▶ [EXERCISE REQUIREMENTS] Only the stretch below from the line holding "少し早めに登校してきた2年生" through the line holding "三、Laravel 框架如何排除指定路由不进行 CSRF 验证" should be restated, word for word and with both ends included; pictures stay out.

▶ [DATA TO USE]
-=-=-
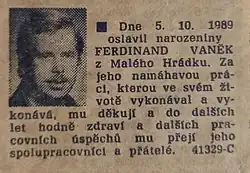 V listu Rudé právo se 7. října 1989 objevil drobný inzerát s přáním k narozeninám „Ferdinandu Vaňkovi z Malého Hrádku“, které měl oslavit 5. října a který byl doplněn Havlovou fotkou, což komunistické cenzuře uniklo. Podal jej Petr Rýgr, fanoušek dramatikových děl. Toto číslo deníku bylo díky vysokému zájmu veřejnosti rychle rozprodáno a Rýgr se dostal do hledáčku Státní bezpečnosti.[1]
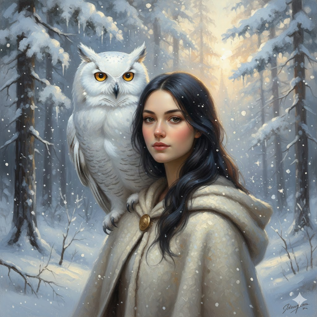 A painterly portrait with a majestic white owl and winter light aesthetics.
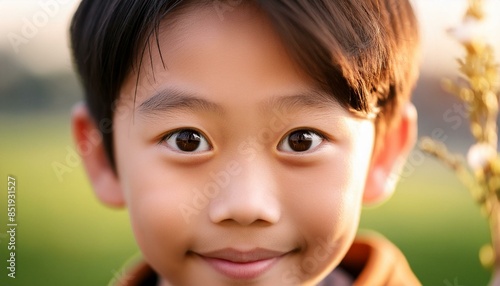 Close-up of a child's innocent brown eyes, sparkling with wonder, set against a blurred, sun
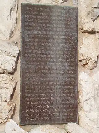 The Areopagus sermon refers to a sermon delivered by the Apostle Paul in Athens, at the Areopagus, and recounted in Acts 17:16–34.[1][2] The Areopagus sermon is the most dramatic and most fully-reported speech of the missionary career of Saint Paul and followed a shorter address in Lystra recorded in Acts 14:15–17.[3]
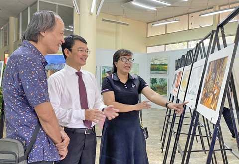 Đại biểu thưởng thức tranh tại triển lãm
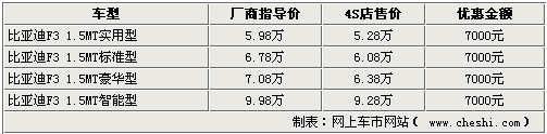 作為比亞迪汽車旗下的重點產(chǎn)品,比亞迪F3在今年又推出了智能白金版,新款車型增加了無鑰匙系統(tǒng)、智能娛樂通訊系統(tǒng)等高端配置。網(wǎng)上車市網(wǎng)站了解到,比亞迪F3智能白金版全系車型年末正在各家經(jīng)銷商店內(nèi)促銷,目前全系可給出7000元的優(yōu)惠。詳情如下:
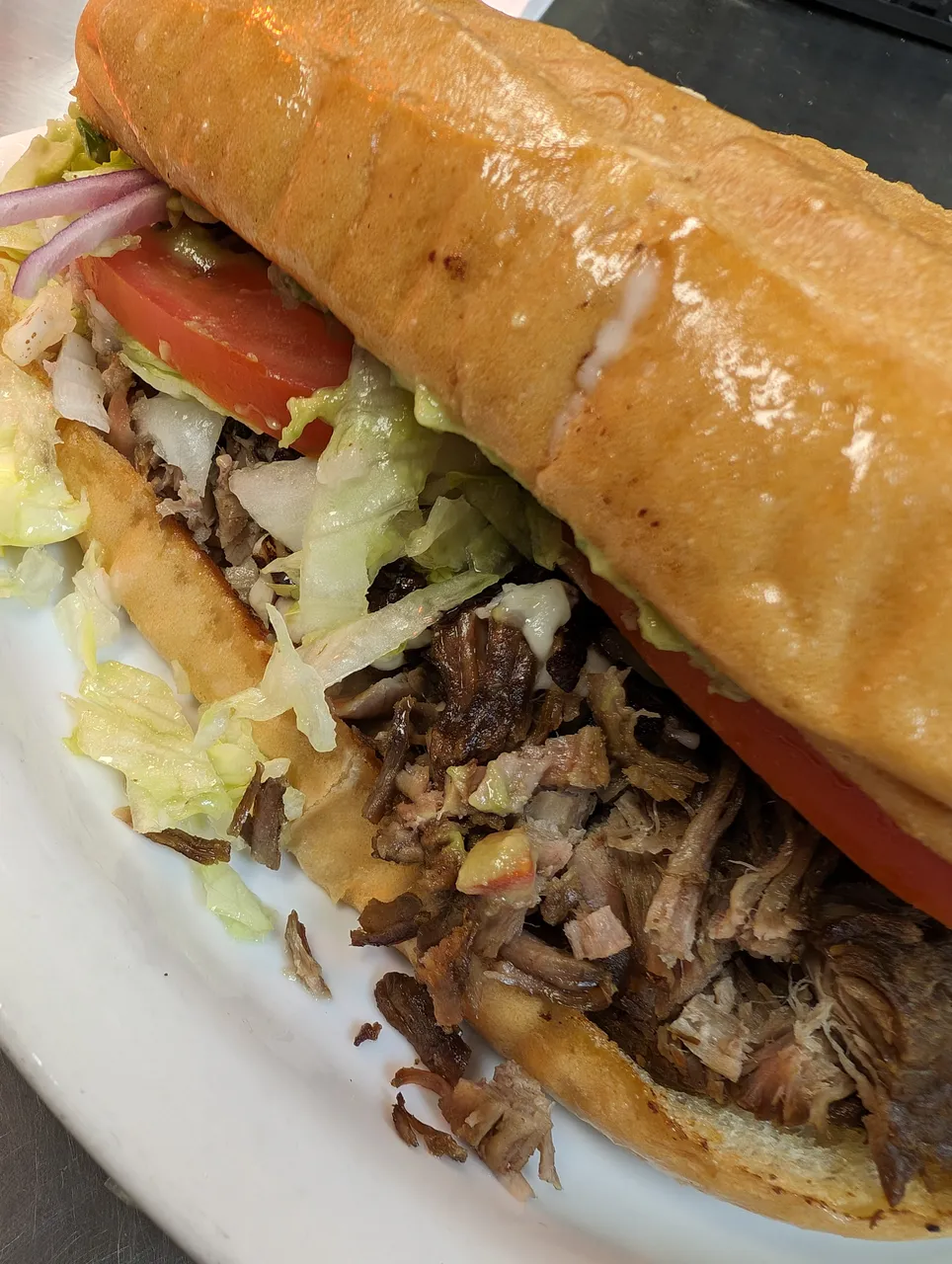 Gigantic soft Telera (bread) slightly toasted on the inside, with guacamole, beans, lettuce, sliced tomato & onions, melted cheese, and simmered pork.
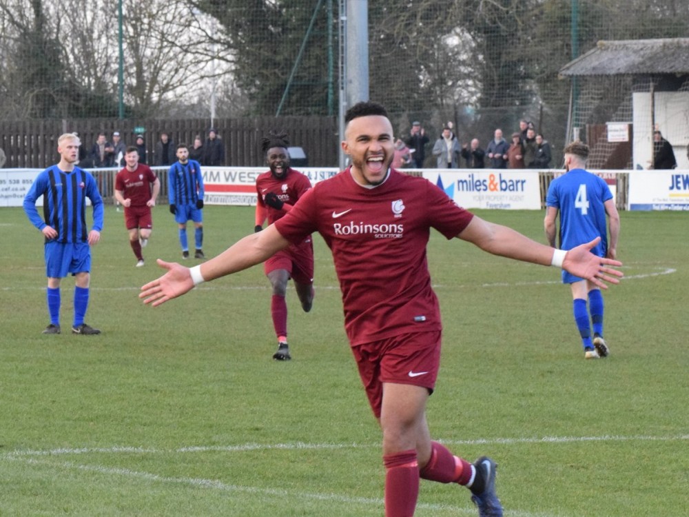 Dean Grant celebrates scoring Canterbury City's second goal that sent them through to The FA Buildbase Vase Quarter-Finals after beating Leicester Nirvana at Salters Lane.
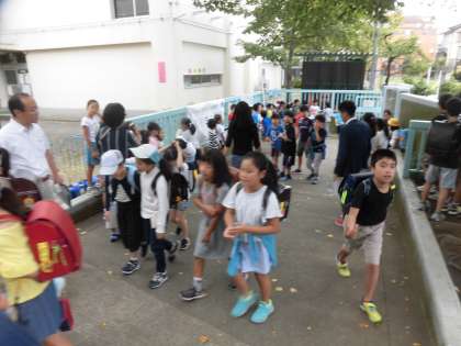 少し早めに登校してきた2年生と5年生が正門に立ち、明るく元気な声で「おはようございます!」と声かけをしていました。土曜授業参観で来校の保護者の方々へもあいさつをし、とても盛り上がりを見せ、気持ちのよいあいさつを交わす中で、一日の学校生活がスタートしました。
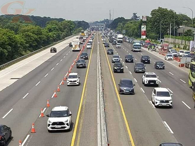 GESAHKITA – Petugas kepolisian menerapkan rekayasa lalu lintas contraflow di jalan Tol Jakarta-Cikampek arah Jakarta pada Minggu sore.
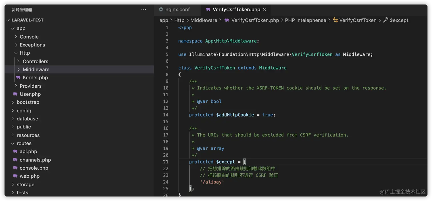 三、Laravel 框架如何排除指定路由不进行 CSRF 验证
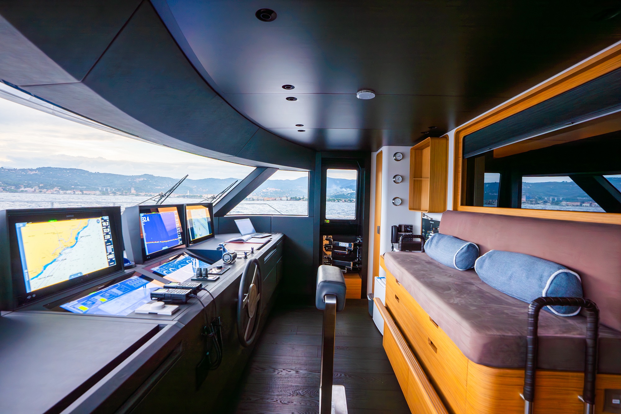 The upper deck aft is dedicated to al fresco dining and includes a huge table and long day bed/sofa across the full beam. There is an alternative deck lounge on the foredeck plus more seating on the main deck aft.
-=-=-
▶ [REPLY TO THE EXERCISE]
 少し早めに登校してきた2年生と5年生が正門に立ち、明るく元気な声で「おはようございます!」と声かけをしていました。土曜授業参観で来校の保護者の方々へもあいさつをし、とても盛り上がりを見せ、気持ちのよいあいさつを交わす中で、一日の学校生活がスタートしました。
 GESAHKITA – Petugas kepolisian menerapkan rekayasa lalu lintas contraflow di jalan Tol Jakarta-Cikampek arah Jakarta pada Minggu sore.
 三、Laravel 框架如何排除指定路由不进行 CSRF 验证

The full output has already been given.